WORK INSTRUCTION →
In the records below, the lines between the one holding "檔案盒 單個裝(藍色20mm A4加厚PP粘扣文件盒資料盒憑證文件收納盒財會用品)" and the one holding "Apresentamos o Kit", inclusive, are to be transcribed exactly; no pictures are to be included.

*** LISTED RECORDS ***

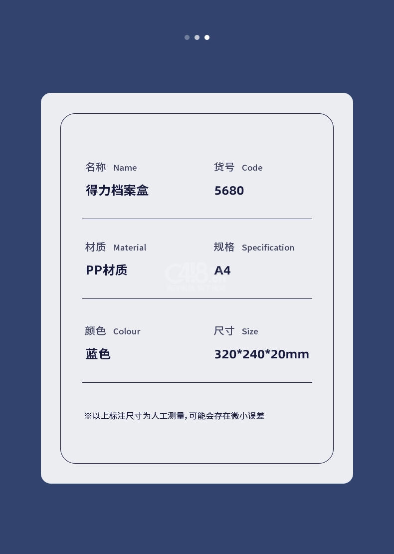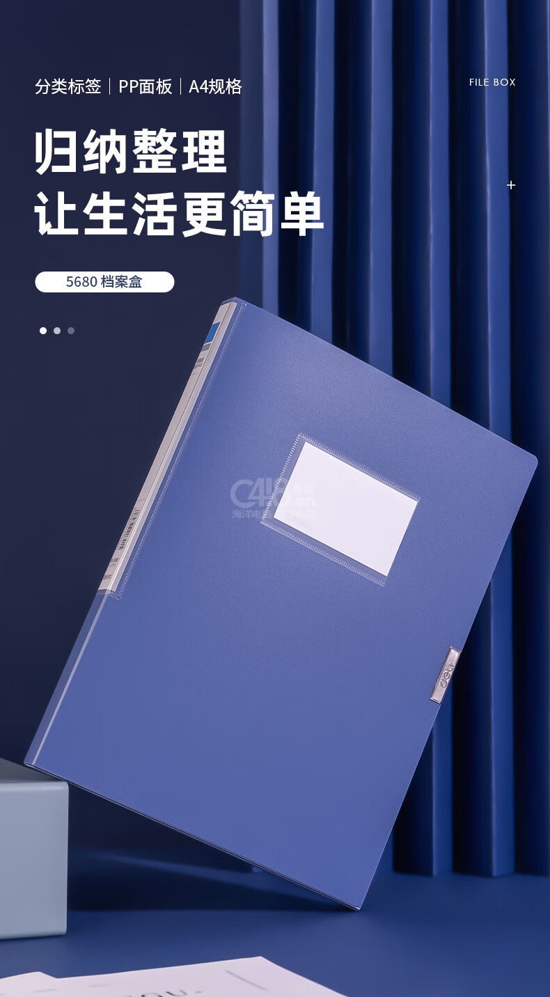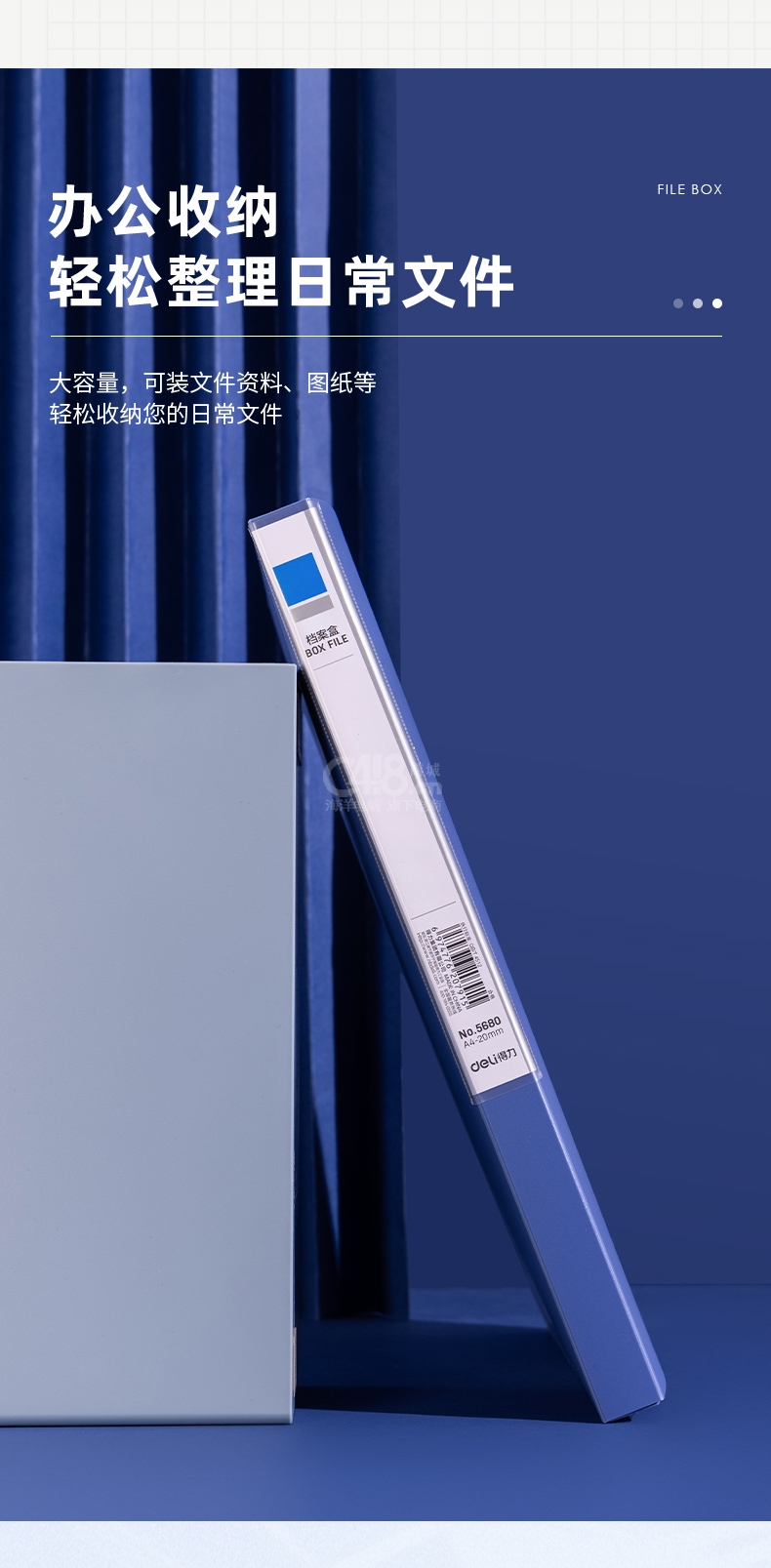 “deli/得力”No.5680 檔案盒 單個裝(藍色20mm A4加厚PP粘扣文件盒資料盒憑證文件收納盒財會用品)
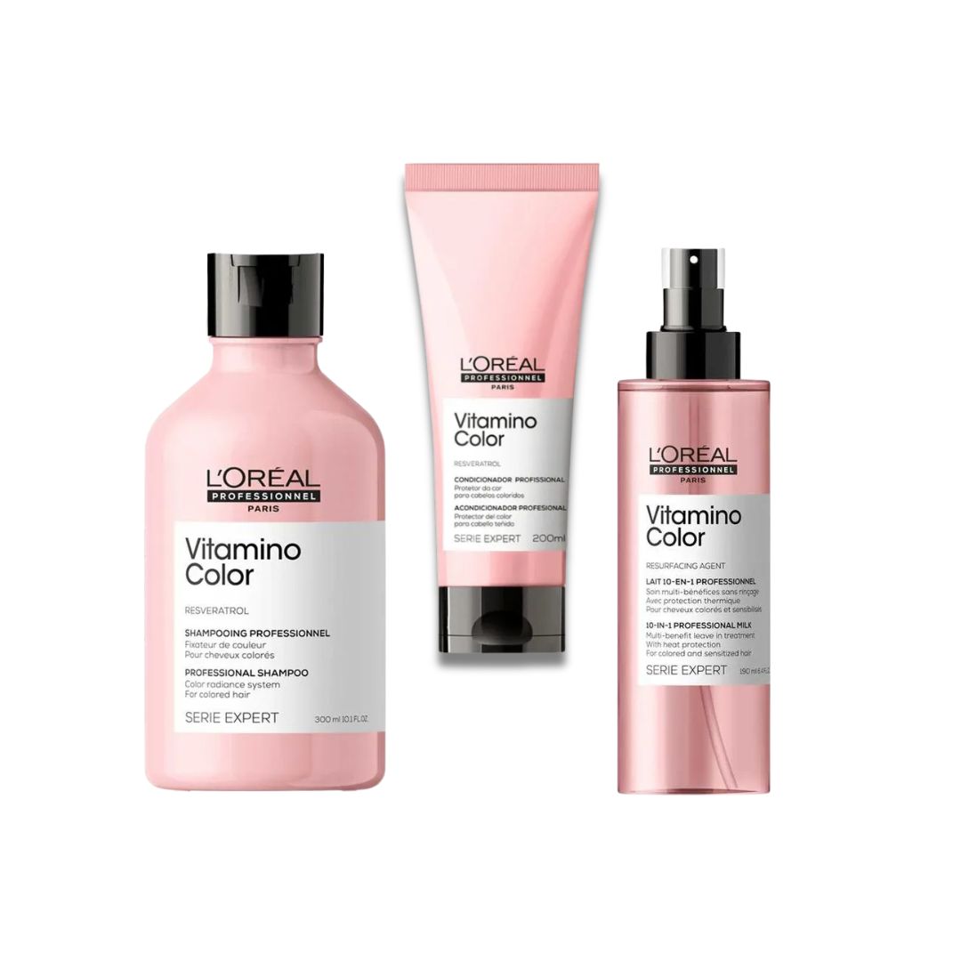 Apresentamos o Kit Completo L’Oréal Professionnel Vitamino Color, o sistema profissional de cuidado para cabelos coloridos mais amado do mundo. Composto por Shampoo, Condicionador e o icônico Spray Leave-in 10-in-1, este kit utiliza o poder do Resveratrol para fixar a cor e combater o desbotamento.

*** End of LISTED RECORDS ***
*** LISTED RECORDS ***

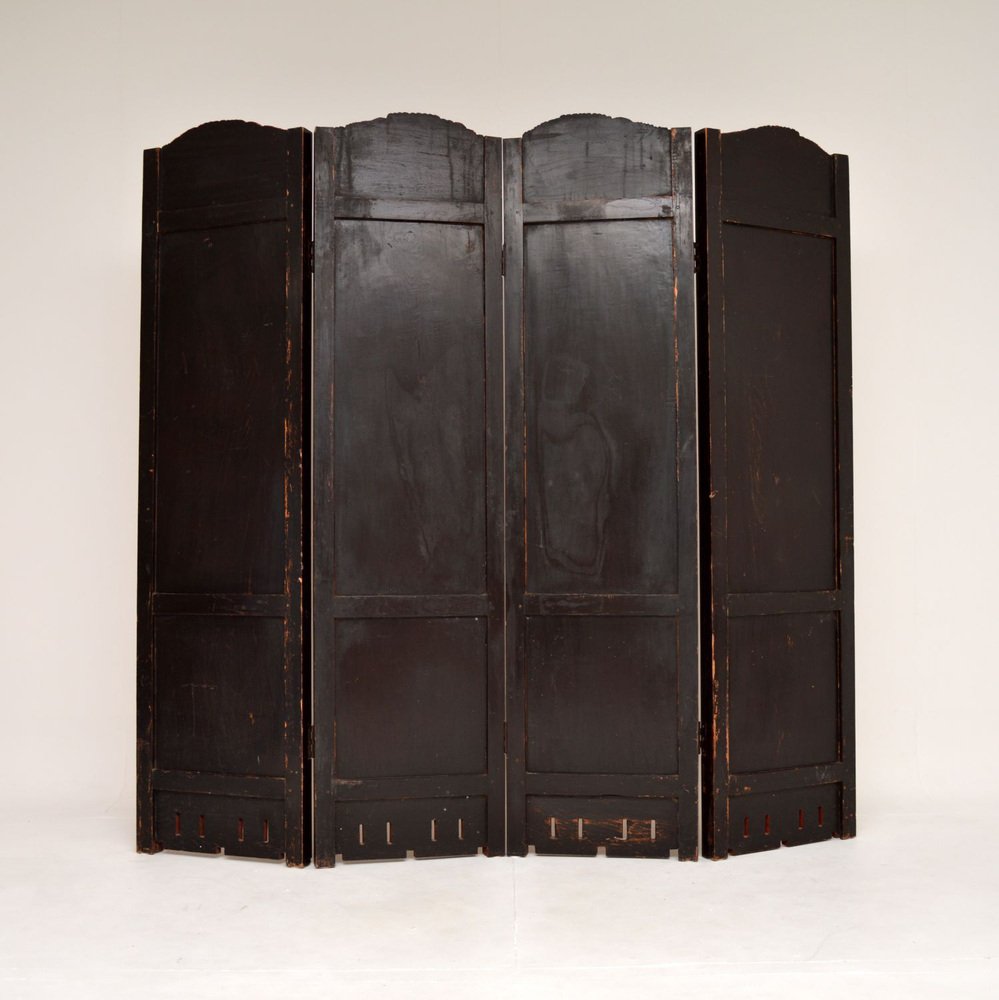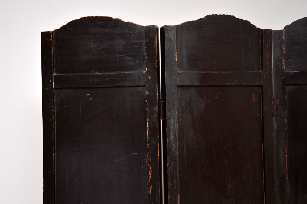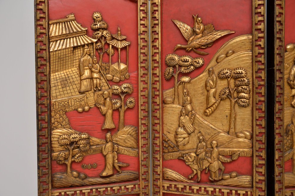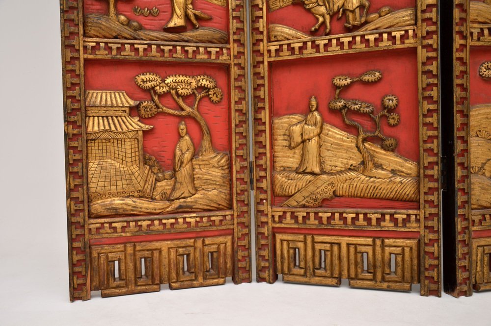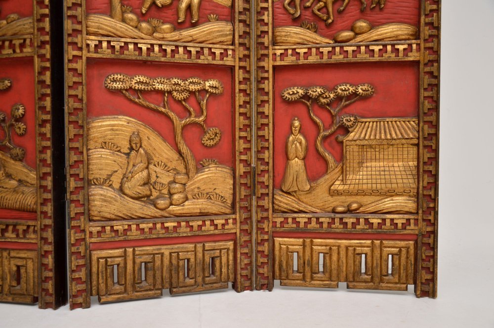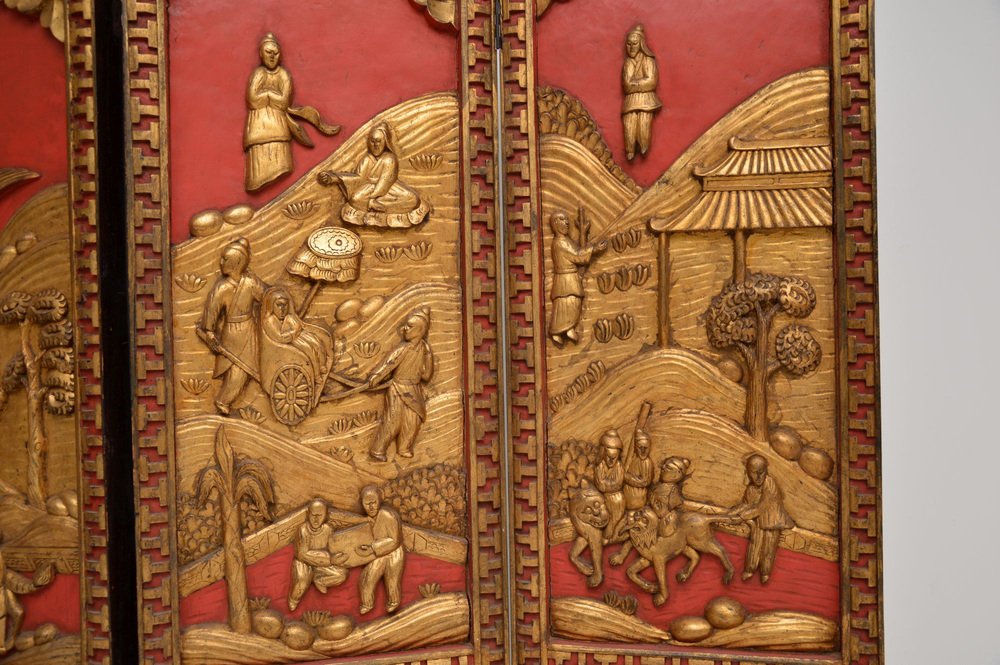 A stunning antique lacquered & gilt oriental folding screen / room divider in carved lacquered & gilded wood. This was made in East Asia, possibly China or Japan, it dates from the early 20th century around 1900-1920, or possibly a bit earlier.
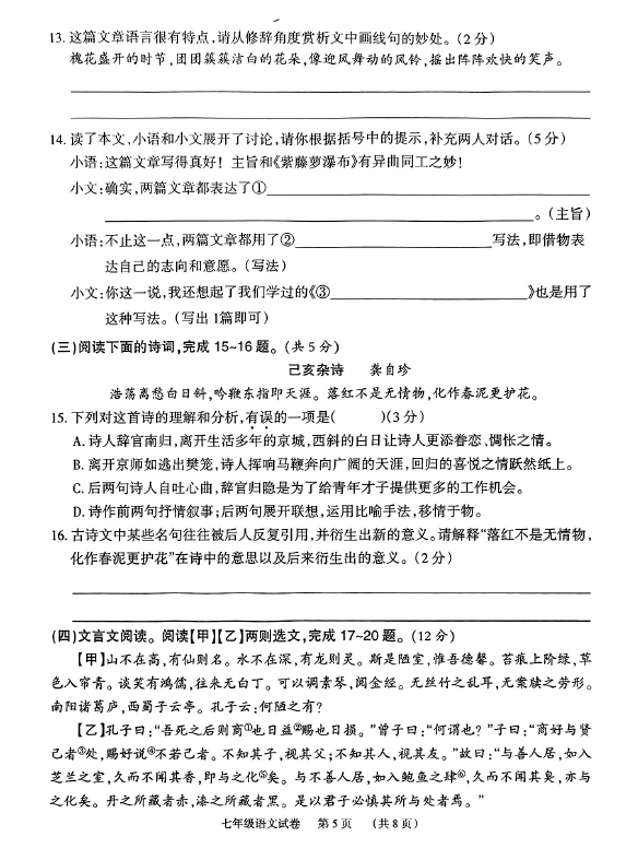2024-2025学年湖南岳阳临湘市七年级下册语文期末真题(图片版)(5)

*** End of LISTED RECORDS ***

WRITTEN RESPONSE →
 “deli/得力”No.5680 檔案盒 單個裝(藍色20mm A4加厚PP粘扣文件盒資料盒憑證文件收納盒財會用品)
 Apresentamos o Kit Completo L’Oréal Professionnel Vitamino Color, o sistema profissional de cuidado para cabelos coloridos mais amado do mundo. Composto por Shampoo, Condicionador e o icônico Spray Leave-in 10-in-1, este kit utiliza o poder do Resveratrol para fixar a cor e combater o desbotamento.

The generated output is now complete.